**Instructions for the task**: In the entries below, count every line with the string "alojamiento". State the count and nothing else.

**Input data**:
..........

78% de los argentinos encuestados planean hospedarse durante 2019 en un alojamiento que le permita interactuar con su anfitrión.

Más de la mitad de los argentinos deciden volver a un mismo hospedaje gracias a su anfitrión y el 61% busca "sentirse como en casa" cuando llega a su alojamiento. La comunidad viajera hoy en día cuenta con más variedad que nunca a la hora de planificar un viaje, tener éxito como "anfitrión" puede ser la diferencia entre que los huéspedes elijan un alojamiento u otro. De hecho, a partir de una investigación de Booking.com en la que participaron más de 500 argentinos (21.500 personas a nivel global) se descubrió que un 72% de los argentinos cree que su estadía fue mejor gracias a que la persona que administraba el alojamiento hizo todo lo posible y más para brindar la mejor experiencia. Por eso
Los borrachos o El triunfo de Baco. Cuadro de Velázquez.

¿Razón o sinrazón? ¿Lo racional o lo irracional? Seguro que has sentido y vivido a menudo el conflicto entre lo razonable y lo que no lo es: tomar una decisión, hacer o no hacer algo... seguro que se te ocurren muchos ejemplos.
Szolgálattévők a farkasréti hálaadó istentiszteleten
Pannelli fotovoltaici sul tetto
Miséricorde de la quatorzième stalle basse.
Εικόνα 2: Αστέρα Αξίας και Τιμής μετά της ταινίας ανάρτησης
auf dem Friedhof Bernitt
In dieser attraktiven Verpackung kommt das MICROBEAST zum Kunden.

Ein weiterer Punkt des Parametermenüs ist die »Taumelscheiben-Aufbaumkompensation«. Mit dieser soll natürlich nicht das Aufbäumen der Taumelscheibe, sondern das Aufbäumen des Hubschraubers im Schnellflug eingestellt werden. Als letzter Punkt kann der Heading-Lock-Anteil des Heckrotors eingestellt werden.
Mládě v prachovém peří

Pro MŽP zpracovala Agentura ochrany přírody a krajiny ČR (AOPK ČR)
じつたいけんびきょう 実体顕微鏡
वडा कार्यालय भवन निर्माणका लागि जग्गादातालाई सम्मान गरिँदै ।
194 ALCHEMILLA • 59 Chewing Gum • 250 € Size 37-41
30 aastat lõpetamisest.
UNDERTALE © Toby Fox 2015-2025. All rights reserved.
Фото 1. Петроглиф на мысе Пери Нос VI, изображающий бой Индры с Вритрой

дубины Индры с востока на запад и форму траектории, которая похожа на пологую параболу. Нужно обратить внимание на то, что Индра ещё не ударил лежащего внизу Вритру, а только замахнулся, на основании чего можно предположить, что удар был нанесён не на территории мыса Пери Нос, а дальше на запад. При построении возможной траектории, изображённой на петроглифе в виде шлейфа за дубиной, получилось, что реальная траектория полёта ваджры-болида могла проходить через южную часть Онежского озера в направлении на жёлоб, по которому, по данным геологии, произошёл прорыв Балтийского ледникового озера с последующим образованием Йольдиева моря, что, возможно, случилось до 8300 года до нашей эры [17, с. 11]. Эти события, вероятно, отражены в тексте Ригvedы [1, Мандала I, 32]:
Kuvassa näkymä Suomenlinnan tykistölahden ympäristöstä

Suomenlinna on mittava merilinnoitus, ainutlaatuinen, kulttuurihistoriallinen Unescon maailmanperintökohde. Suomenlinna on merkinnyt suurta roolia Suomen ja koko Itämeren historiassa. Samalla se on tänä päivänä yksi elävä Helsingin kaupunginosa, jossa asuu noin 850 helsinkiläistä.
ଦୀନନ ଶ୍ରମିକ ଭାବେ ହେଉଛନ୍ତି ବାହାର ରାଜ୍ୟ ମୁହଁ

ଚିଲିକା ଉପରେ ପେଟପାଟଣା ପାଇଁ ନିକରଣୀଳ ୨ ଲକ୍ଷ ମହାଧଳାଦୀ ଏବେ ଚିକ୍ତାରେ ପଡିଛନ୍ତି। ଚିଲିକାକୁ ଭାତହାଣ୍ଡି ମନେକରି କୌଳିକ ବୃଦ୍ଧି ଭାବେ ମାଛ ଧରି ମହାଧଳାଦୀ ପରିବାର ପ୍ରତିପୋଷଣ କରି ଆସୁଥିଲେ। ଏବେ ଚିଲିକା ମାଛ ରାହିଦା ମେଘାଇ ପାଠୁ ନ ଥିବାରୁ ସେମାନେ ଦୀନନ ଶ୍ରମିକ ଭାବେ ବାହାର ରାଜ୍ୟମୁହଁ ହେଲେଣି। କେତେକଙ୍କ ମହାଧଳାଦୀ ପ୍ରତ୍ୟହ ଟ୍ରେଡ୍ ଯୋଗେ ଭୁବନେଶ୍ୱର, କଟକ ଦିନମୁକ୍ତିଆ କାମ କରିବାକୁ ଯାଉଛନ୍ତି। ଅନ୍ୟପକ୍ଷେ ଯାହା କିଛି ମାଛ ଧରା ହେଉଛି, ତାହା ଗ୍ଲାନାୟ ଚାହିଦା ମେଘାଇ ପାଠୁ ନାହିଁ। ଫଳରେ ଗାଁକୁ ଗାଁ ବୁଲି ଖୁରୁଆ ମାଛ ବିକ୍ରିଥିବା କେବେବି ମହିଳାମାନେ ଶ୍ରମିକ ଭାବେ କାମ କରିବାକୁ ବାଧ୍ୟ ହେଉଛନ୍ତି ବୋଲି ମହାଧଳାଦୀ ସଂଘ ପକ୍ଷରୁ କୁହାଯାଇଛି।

..........

**Finished exercise**: 2